Bormina
- Conservation status: FAO (2007): no data
- Other names: Frisa Rossa
- Country of origin: Italy
- Distribution: Valtellina, Province of Sondrio
- Standard: none (not recognised)
- Use: milk

Traits
- Coat: reddish, with Swiss markings
- Horn status: usually horned
- Beard: males usually bearded

= Bormina =

Italian breed of goat

The Bormina is an Italian breed of domestic goat findigenous to the Valtellina, in the northern part of the province of Sondrio, in Lombardy in northern Italy. It is particularly associated with the area of the comune of Bormio, from which its name derives. Because of the reddish colour of its coat and its clear Swiss markings (frisature, white stripes on the face, white legs, belly and peri-anal area), it may also be call the Frisa Rossa. It is raised mainly in the Valtellina but is also reported from the Lario and from the area of Varese. It does not have official recognition in Italy, and breed numbers are very low. Management is extensive: the animals are kept on high alpine pasture in the summer months, and brought under cover in winter.

== History ==

The origins of the Bormina are unknown. It may derive from Toggenburg stock from north-east Switzerland imported to the Valtellina in 1941 and 1942 for its high productivity of milk, and cross-bred with local strains, or may have arisen from older traditional long-term cultural interchange. The Bormina also shows similarity to the Bionda dell'Adamello breed from the Val Camonica.

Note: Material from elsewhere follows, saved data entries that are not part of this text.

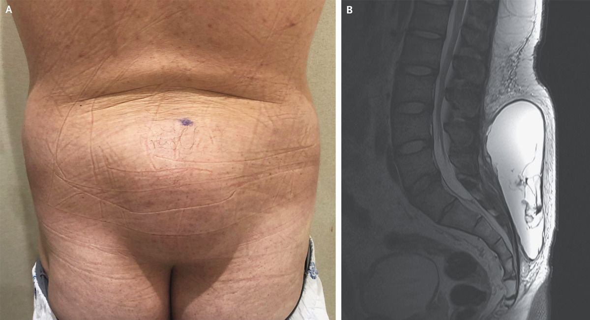 A healthy 36-year-old man presented to the orthopedic clinic with an enlarging lower back mass. He had first noticed the mass 3 weeks earlier, after he slipped on the stairs and slid down on his back. On physical examination, a large, soft, fluctuant mass with no overlying skin necrosis was palpated on the lower back (Panel A). Magnetic resonance imaging of the lumbosacral spine showed an encapsulated, subcutaneous, suprafascial lesion, measuring 20 cm by 20 cm by 10 cm, that extended from the lower lumbar area to the buttocks (Panel B), a finding consistent with a Morel–Lavallée lesion. A Morel–Lavallée lesion is a traumatic, closed degloving injury that results from shearing of subcutaneous tissue away from the underlying fascia. Its management varies; in this case, surgical excision was performed because of the risk of recurrence, given its encapsulation and chronicity. Histologic examination of the excised cystic mass showed a pseudocyst lined with myofibroblasts. Three months after the surgery, the patient had recovered fully without recurrence of the mass.
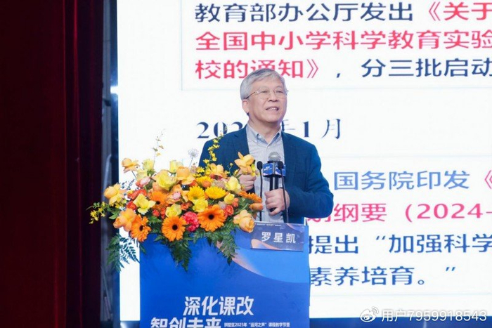 教育部基础教育教学指导科学专委会副主任委员、广西师范大学博士生导师罗星凯教授以《深化课程教学改革 做好科学教育加法》为题作主旨报告。罗教授强调,科学教育已成为国家战略刚需,推进科学教育不仅是补短板,更是课程教学逻辑发展的必然结果。他指出,素养导向下的跨学科主题学习具有现实意义,能够有效撬动课程改革与核心素养落地,科学教育“加法”的核心就在于“育素养”。罗教授分享了广西在高中通用技术课程上的创新实践,通过项目化学习激发学生兴趣,使薄弱学校焕发活力。
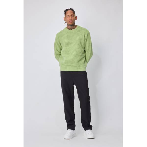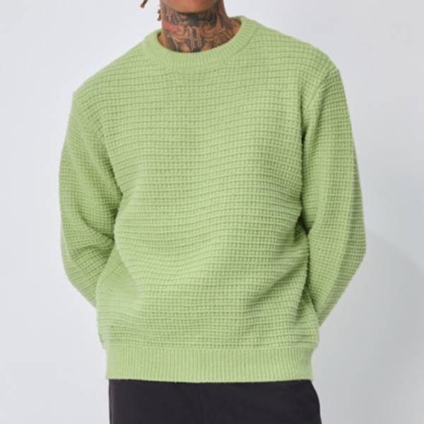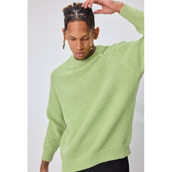 グリーン ワッフル編み ミドルゲージニット 長袖ニット 長袖トップス メンズトップス【フランスインポートFrilivin(フリリヴィン) 】 F2512041
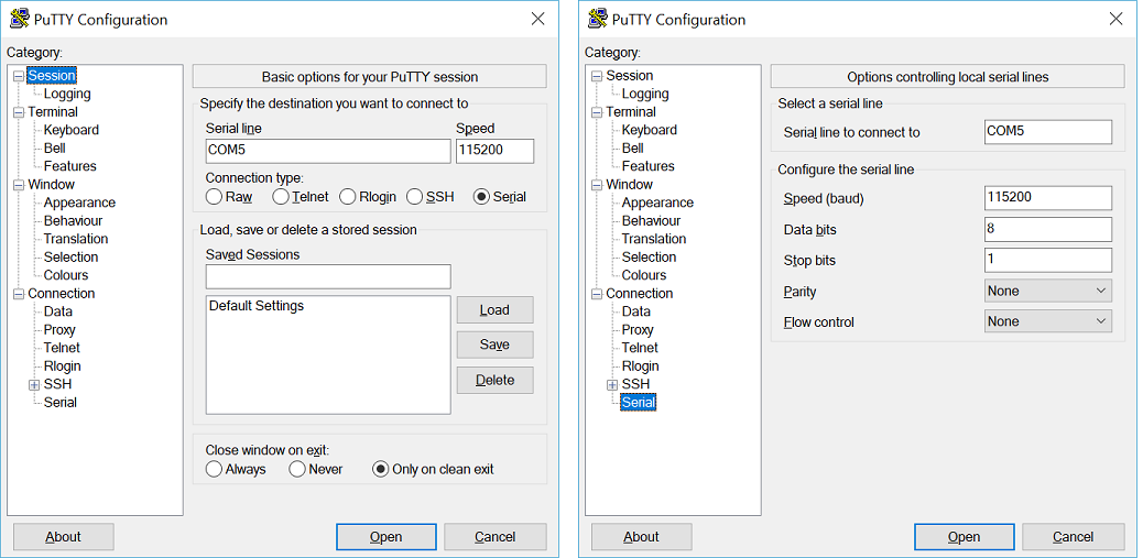Conecta el puerto de Serie USB al ordenador y configura Putty con los parámetros que se muestran en la imagen:
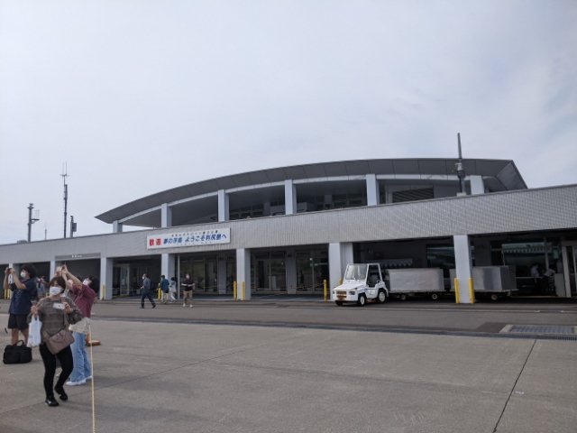 利尻空港はこじんまりしたいかにも離島の空港。ボーディング・ブリッジは無く、徒歩で空港内へと移動するタイプです。
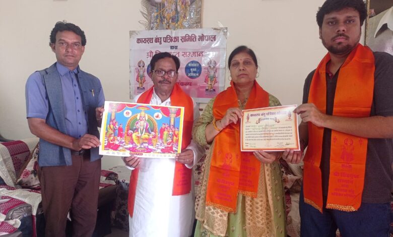 यह सम्मान कायस्थ बंधु समिति ने श्रीवास्तव परिवार को दहेज एवम मांसाहार मुक्त अभियान के तहत दिया गया है।समिति के अध्यक्ष गिरीश श्रीवास्तव ने परिवार के सभी सदस्यों को पीले गमछे पहनाकर सम्मान मे प्रशस्ति पत्र के साथ श्री चित्रगुप्त भगवान की तस्वीर भेट की। श्रीवास्तव परिवार ने बताया कि मै अपने बेटे अमित श्रीवास्तव रेल्वे मे सेवारत का विवाह बिन दहेज माँग रहित एवम मांसाहार मुक्त अभियान के तहत ही करेगे। अभी तक समिति भोपाल मे दो सौ से अधिक परिवारो को चित्रगुप्त सम्मान दे चुकी है।समाज से दहेज एवम मांसाहार की प्रवर्ति खत्म हो इसी उददेश्य को लेकर कायस्थ बंधु समिति लगातर कार्यक्रम आयोजित कर रही है।
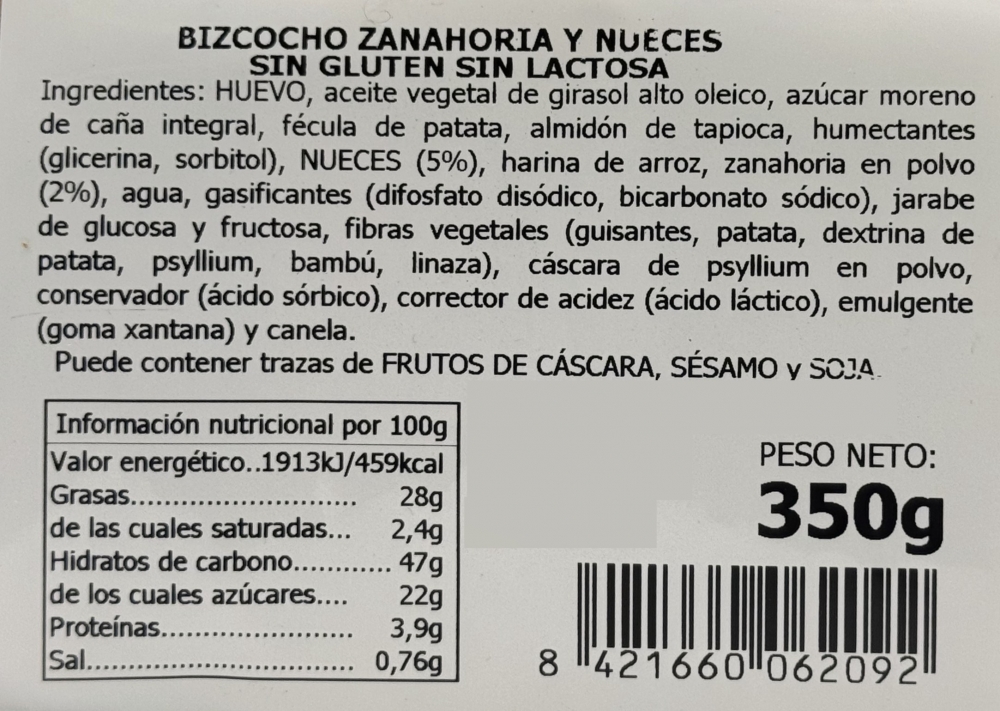 ¿Tienes alguna duda del producto Bizcocho Tradicional Carrot Cake SIN GLUTEN LA GRANJA?

The Bormina is not officially recognised as a breed, and is not among the forty-three autochthonous Italian goat breeds of limited distribution for which a herdbook is kept by the Associazione Nazionale della Pastorizia, the Italian national association of sheep- and goat-breeders. It is, however, reported to the DAD-IS database of the FAO. Numbers were reported at 100 in 1992; there is no more recent data. The breed is under competitive pressure from the Frisa Valtellinese or Frontalasca, which is raised in the same geographical area.

== Use ==

The Bormina is an excellent dairy breed.